■ Your objective: Without any pictures, output the records exactly as they are.

%%

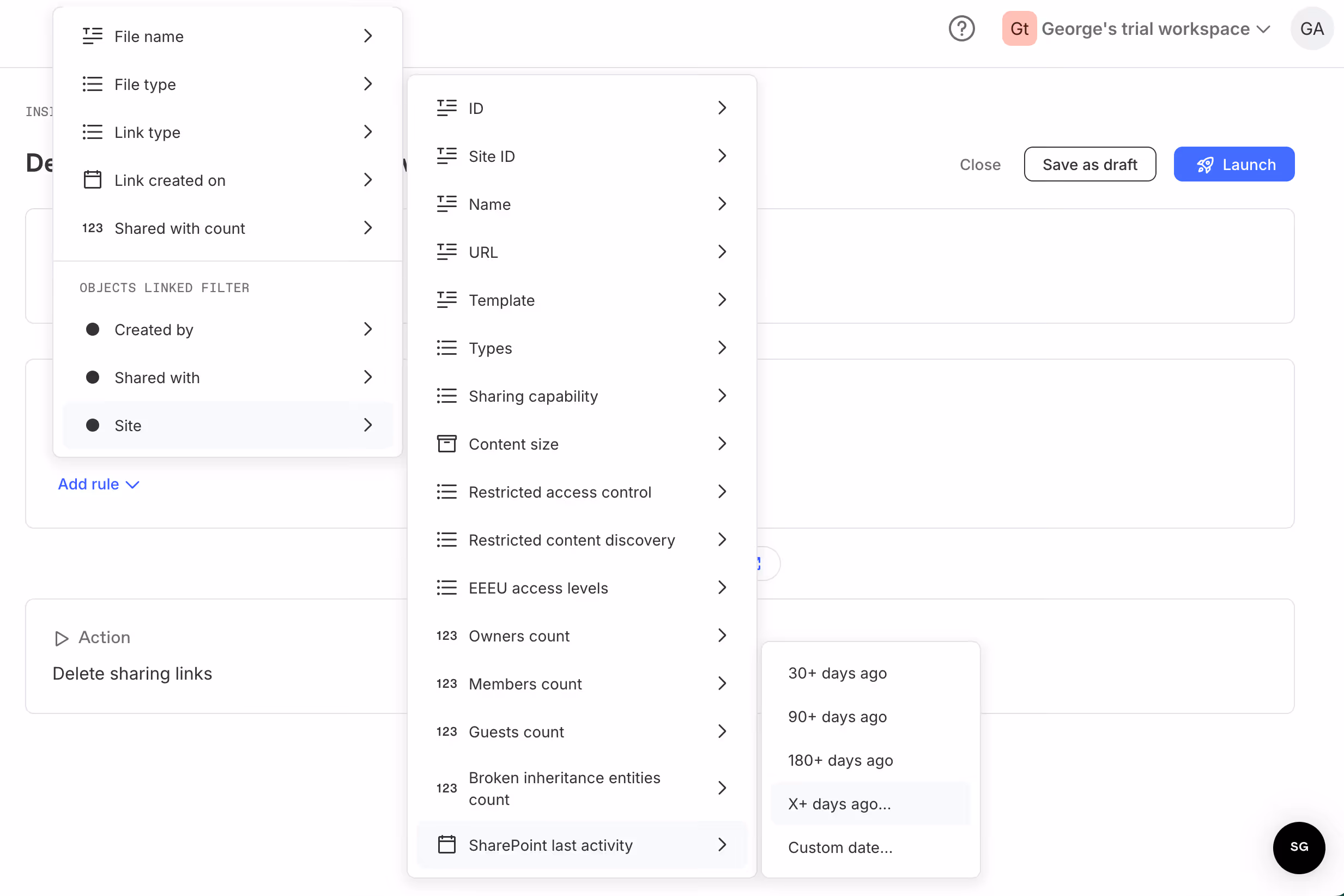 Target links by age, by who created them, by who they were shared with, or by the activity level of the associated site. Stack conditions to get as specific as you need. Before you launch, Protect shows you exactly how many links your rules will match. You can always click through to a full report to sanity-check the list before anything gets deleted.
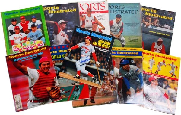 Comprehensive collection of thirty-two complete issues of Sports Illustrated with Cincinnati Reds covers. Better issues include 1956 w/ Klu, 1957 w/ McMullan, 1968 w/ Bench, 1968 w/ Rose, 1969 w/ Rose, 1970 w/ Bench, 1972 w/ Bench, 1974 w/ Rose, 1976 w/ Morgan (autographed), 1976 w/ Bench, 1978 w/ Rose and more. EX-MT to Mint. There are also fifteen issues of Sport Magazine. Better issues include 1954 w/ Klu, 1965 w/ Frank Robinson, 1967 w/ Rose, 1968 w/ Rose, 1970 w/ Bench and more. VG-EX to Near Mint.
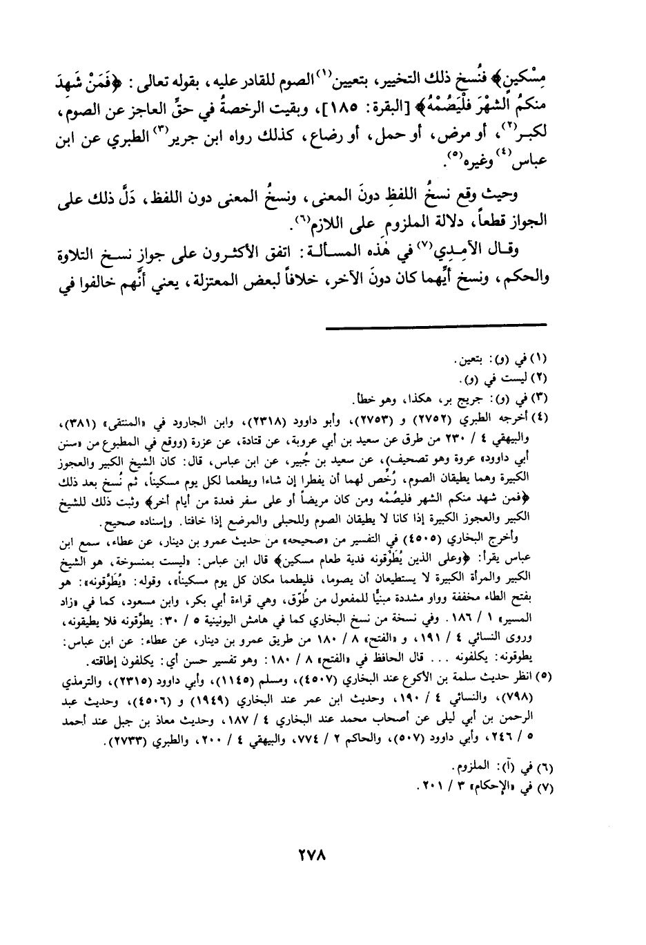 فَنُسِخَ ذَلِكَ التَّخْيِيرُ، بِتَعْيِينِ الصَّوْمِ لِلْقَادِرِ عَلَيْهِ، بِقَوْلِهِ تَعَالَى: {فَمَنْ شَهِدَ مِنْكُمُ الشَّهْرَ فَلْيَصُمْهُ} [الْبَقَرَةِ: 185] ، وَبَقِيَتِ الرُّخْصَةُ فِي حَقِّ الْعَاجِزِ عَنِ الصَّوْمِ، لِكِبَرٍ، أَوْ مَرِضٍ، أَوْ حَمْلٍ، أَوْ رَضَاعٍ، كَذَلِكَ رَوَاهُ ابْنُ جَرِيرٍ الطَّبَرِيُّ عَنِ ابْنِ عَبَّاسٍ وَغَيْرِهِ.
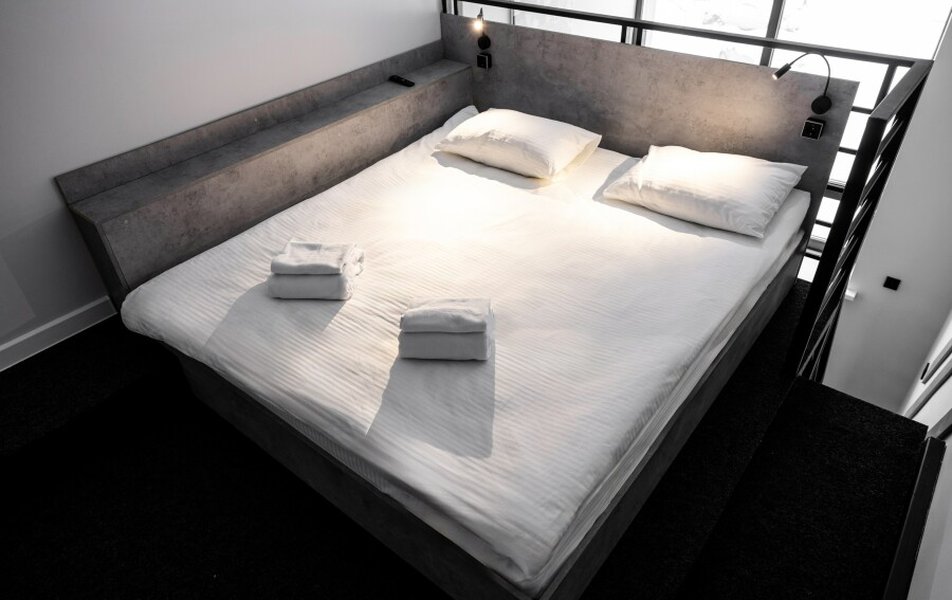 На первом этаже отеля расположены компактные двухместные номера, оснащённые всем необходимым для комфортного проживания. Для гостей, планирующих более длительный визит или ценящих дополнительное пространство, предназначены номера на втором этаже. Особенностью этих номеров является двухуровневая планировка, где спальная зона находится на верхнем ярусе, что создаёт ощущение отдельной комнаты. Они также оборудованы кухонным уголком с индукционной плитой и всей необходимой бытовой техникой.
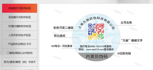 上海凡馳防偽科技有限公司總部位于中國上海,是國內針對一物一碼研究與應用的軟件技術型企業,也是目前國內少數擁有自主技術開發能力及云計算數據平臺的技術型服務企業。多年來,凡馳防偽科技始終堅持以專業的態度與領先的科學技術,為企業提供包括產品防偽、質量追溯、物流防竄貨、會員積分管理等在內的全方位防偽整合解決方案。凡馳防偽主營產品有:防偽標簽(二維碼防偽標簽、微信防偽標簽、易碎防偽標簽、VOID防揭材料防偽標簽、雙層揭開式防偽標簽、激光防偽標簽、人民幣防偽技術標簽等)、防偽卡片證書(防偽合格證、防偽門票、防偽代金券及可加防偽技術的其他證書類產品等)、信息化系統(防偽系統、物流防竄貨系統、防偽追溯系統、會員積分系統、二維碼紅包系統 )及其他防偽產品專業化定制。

%%

■ Reply to the exercise:
 Target links by age, by who created them, by who they were shared with, or by the activity level of the associated site. Stack conditions to get as specific as you need. Before you launch, Protect shows you exactly how many links your rules will match. You can always click through to a full report to sanity-check the list before anything gets deleted.
 Comprehensive collection of thirty-two complete issues of Sports Illustrated with Cincinnati Reds covers. Better issues include 1956 w/ Klu, 1957 w/ McMullan, 1968 w/ Bench, 1968 w/ Rose, 1969 w/ Rose, 1970 w/ Bench, 1972 w/ Bench, 1974 w/ Rose, 1976 w/ Morgan (autographed), 1976 w/ Bench, 1978 w/ Rose and more. EX-MT to Mint. There are also fifteen issues of Sport Magazine. Better issues include 1954 w/ Klu, 1965 w/ Frank Robinson, 1967 w/ Rose, 1968 w/ Rose, 1970 w/ Bench and more. VG-EX to Near Mint.
 فَنُسِخَ ذَلِكَ التَّخْيِيرُ، بِتَعْيِينِ الصَّوْمِ لِلْقَادِرِ عَلَيْهِ، بِقَوْلِهِ تَعَالَى: {فَمَنْ شَهِدَ مِنْكُمُ الشَّهْرَ فَلْيَصُمْهُ} [الْبَقَرَةِ: 185] ، وَبَقِيَتِ الرُّخْصَةُ فِي حَقِّ الْعَاجِزِ عَنِ الصَّوْمِ، لِكِبَرٍ، أَوْ مَرِضٍ، أَوْ حَمْلٍ، أَوْ رَضَاعٍ، كَذَلِكَ رَوَاهُ ابْنُ جَرِيرٍ الطَّبَرِيُّ عَنِ ابْنِ عَبَّاسٍ وَغَيْرِهِ.
 На первом этаже отеля расположены компактные двухместные номера, оснащённые всем необходимым для комфортного проживания. Для гостей, планирующих более длительный визит или ценящих дополнительное пространство, предназначены номера на втором этаже. Особенностью этих номеров является двухуровневая планировка, где спальная зона находится на верхнем ярусе, что создаёт ощущение отдельной комнаты. Они также оборудованы кухонным уголком с индукционной плитой и всей необходимой бытовой техникой.
 上海凡馳防偽科技有限公司總部位于中國上海,是國內針對一物一碼研究與應用的軟件技術型企業,也是目前國內少數擁有自主技術開發能力及云計算數據平臺的技術型服務企業。多年來,凡馳防偽科技始終堅持以專業的態度與領先的科學技術,為企業提供包括產品防偽、質量追溯、物流防竄貨、會員積分管理等在內的全方位防偽整合解決方案。凡馳防偽主營產品有:防偽標簽(二維碼防偽標簽、微信防偽標簽、易碎防偽標簽、VOID防揭材料防偽標簽、雙層揭開式防偽標簽、激光防偽標簽、人民幣防偽技術標簽等)、防偽卡片證書(防偽合格證、防偽門票、防偽代金券及可加防偽技術的其他證書類產品等)、信息化系統(防偽系統、物流防竄貨系統、防偽追溯系統、會員積分系統、二維碼紅包系統 )及其他防偽產品專業化定制。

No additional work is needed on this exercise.